ですが、どこかで「あるある」と自分には経験もないのに共感する部分があり、違和感がなく観てられるのです。
ガンになった気がしない主人公も徐々に自覚してきます。
彼女や友人の反応も予想とは違ったり、予想通りだったり。
主人公の母親は、心配性で世話焼きたがりのヒステリーっぽい部分もある感じですが、母親ってこういうとこあるよなと思わせてきて見事です。
大げさな演出をしないで自然に見せることが出来ていますし、感情や環境の変化も観ていて共感できます。
笑いと感動のバランスも絶妙で、肩に力を必要以上に入れることなく楽しんで観ることができます。

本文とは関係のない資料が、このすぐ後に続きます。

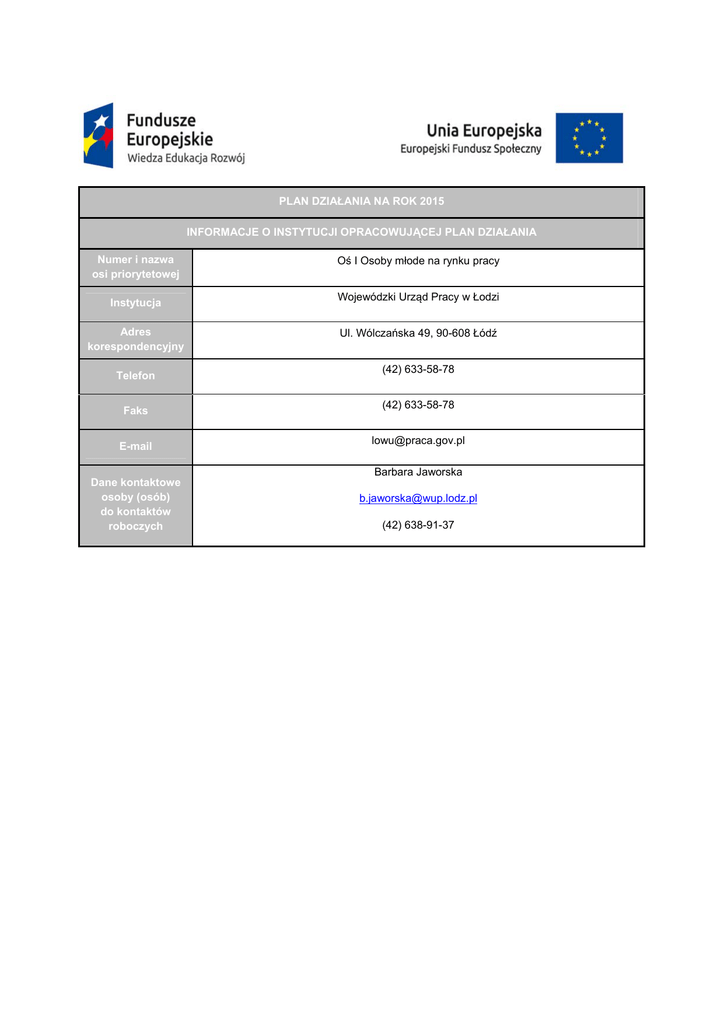 Plan Działania na rok 2015 - Wojewódzki Urząd Pracy w Łodzi

「50/50・フィフティ・フィフティ」の主要な登場人物
フィフティ・フィフティの主人公は、ラジオ局に務める優しげな27歳の青年アダム(ジョゼフ・ゴードン=レヴィット)です。
アダムの闘病がメインの物語になります。
アダムの彼女はアーティストでずぼらで身勝手な女のレイチェル(ブライス・ダラス・ハワード) でガンをキッカケに関係性が変わっていきます。
彼女だけではなく、親友の陽気なカイル(セス・ローゲン)や両親、特に母親のダイアン(アンジェリカ・ヒューストン) とも関係性が変化していきます。

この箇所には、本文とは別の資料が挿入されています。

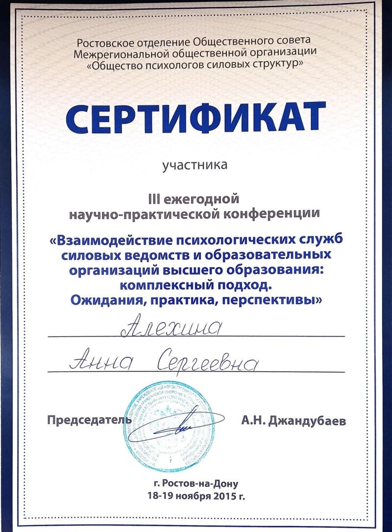- Общество психологов силовых структур, III научно-практическая конференция, 2015 г.

また、ガンをキッカケに出会った人たちからもアダムは影響を受けます。
同じようにガンを患って治療しているアランとミッチとは年の離れた友人になりました。
セラピーで出会った新人の臨床心理療法士キャサリン(アナ・ケンドリック)との出会いは物語において、ドラマ性を高める要素もありますがアダムにとっては大きな出会いと言えるでしょう。
ガンになったことで人間関係に大きな変化
ガンになって離れていく人間が身近にいた彼女のレイチェルでしたね。
まぁもともとカイルに言わせればクソ女で客観的に見てもアダムと合ってない感がビンビンでしたけど。
とにかくレイチェルはクソ女なキャラクターではあるんですが、そんなに胸糞悪くならないで笑って観てられます。

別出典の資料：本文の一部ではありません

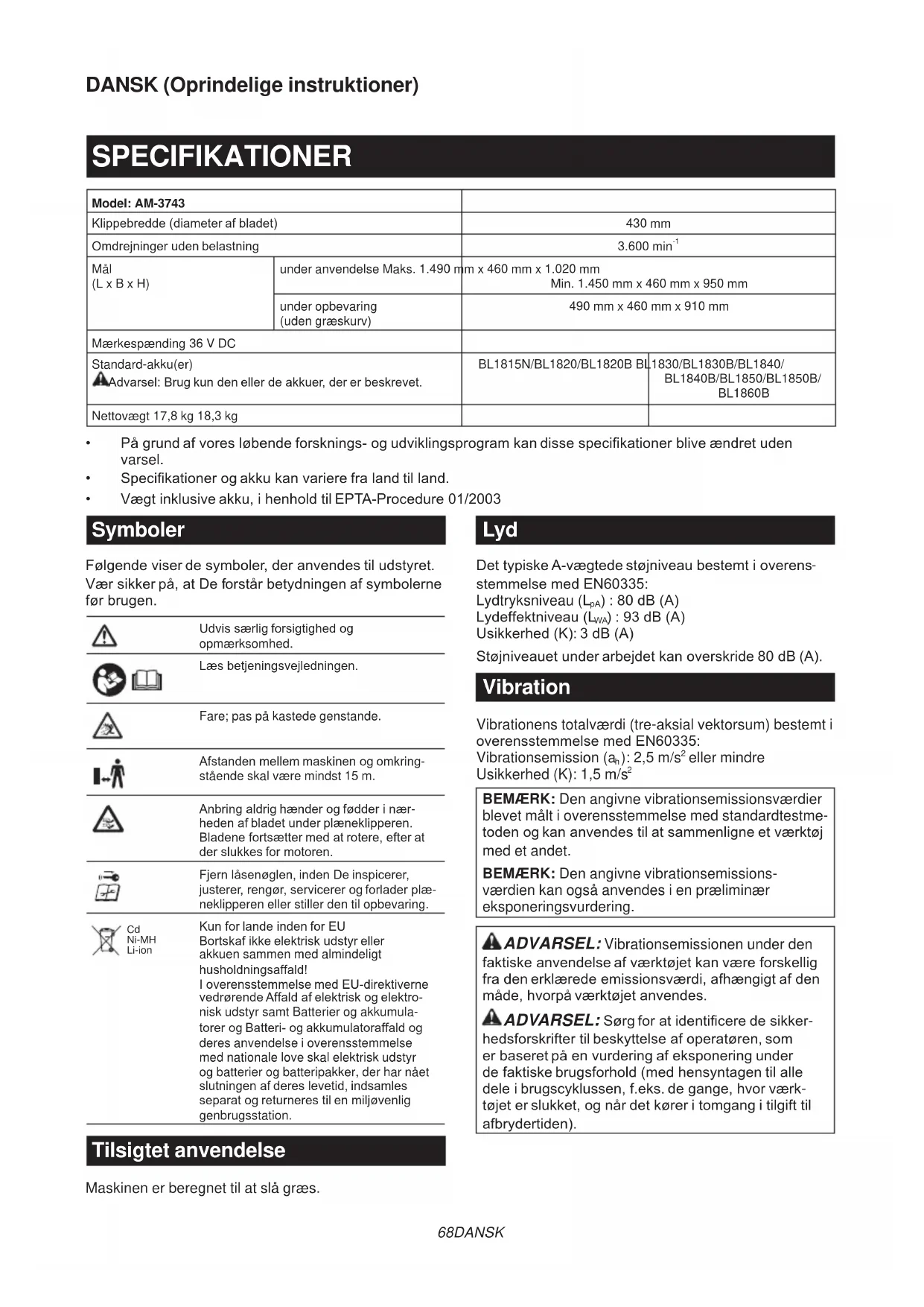 BEMÆRK: Den angivne vibrationsemissionsværdier blevet målt i overensstemmelse med standardtestme- todenogkananvendestilatsammenligneetværktøj med et andet. BEMÆRK: Den angivne vibrationsemissions- værdien kan også anvendes i en præliminær eksponeringsvurdering. ADVARSEL: Vibrationsemissionen under den faktiskeanvendelseafværktøjetkanværeforskellig fradenerklæredeemissionsværdi,afhængigtafden måde,hvorpåværktøjetanvendes. ADVARSEL:Sørgforatidenticeredesikker- hedsforskriftertilbeskyttelseafoperatøren,som erbaseretpåenvurderingafeksponeringunder defaktiskebrugsforhold(medhensyntagentilalle deleibrugscyklussen,f.eks.degange,hvorværk- tøjeterslukket,ognårdetkøreritomgangitilgifttil afbrydertiden).69 DANSK EU-konformitetserklæring Kun for lande i Europa Makitaerklærer,atdenfølgendemaskine(maskiner): Maskinensbetegnelse:Akku-plæneklipper Modelnr./Type:AM-3743 OpfylderbetingelserneidefølgendeEU-direktiver: 2000/14/EC,2006/42/EC Deerfremstilletioverensstemmelsemeddenfølgende standardellerstandardiserededokumenter:EN60335 Dentekniskel,somerioverensstemmelsemed 2006/42/EUertilgængeligfra: Makita, Jan-Baptist Vinkstraat 2, 3070, Belgien Denprocedureforkonformitetsfastsættelse,som krævesiDirektiv2000/14/EU,erfundetioverensstem- melse med tillæg VI. Noticeretorganisation:TÜVRheinlandLGAProducts GmbH AmGrauenStein29,51105Köln,Tyskland Identikationsnummer0197 Måltlydbelastningsniveau:93dB(A) Garanteretlydbelastningsniveau:94dB(A)

アダムは両親とは、若干距離を置いているような印象が最初は感じられます。
母親は口うるさく世話を焼きたがるタイプですが、父親はアルツハイマーで多少ボケています。
母親は父親の世話があり迷惑をかけられないということもあるのでしょうが、やはり家族と友人の愛と絆が重要になっていますし、いやらしくなく描かれています。
ガンになってからの出会い
アダムはガンになったことで、同じくガンと戦っている先輩方と友情を深めます。
長い間、ガンとともに生活をしているアランとミッチから、学んだり交流を深めることはアダムにプラスの要素をもたらしました。
また、セラピーを受けることで知り合った臨床心理療法士キャサリンは、若く至らない部分も多いですが、アダムは徐々に心を開いていきお互いにセラピーを通して成長して好意を深めていきます。
アナ・ケンドリックが、とにかく可愛らしいしね。
これらはガンになってからの本当の意味での新しい出会いと言えますが、ガンを通じて家族や恋人、友人の新たな側面を見ることも新しい出会いと言えるでしょう。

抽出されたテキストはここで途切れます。